◆ **Records provided**
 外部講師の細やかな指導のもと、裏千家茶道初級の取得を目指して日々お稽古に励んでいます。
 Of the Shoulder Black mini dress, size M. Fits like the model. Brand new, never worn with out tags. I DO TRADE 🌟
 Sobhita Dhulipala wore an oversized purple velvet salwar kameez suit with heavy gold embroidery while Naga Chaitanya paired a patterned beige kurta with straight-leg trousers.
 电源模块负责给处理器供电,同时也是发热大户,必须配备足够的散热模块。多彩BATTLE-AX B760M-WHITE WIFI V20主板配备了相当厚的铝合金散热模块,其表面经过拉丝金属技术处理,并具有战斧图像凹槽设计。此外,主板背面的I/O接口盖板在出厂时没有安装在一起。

---

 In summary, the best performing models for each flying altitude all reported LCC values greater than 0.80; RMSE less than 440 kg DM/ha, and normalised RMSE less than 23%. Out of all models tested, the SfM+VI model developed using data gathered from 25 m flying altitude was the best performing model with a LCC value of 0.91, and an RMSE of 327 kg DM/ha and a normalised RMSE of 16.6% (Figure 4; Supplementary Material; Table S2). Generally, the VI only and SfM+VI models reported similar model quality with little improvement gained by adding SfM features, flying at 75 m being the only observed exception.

◆ **Task statement**
Scan the entries above for the line containing "Sobhita Dhulipala wore", and copy it and all lines after it exactly, down to and including the line containing "电源模块负责给处理器供电,同时也是发热大户,必须配备足够的散热模块。多彩BATTLE-AX B760M-WHITE WIFI".

◆ **Finished exercise**
 Sobhita Dhulipala wore an oversized purple velvet salwar kameez suit with heavy gold embroidery while Naga Chaitanya paired a patterned beige kurta with straight-leg trousers.
 电源模块负责给处理器供电,同时也是发热大户,必须配备足够的散热模块。多彩BATTLE-AX B760M-WHITE WIFI V20主板配备了相当厚的铝合金散热模块,其表面经过拉丝金属技术处理,并具有战斧图像凹槽设计。此外,主板背面的I/O接口盖板在出厂时没有安装在一起。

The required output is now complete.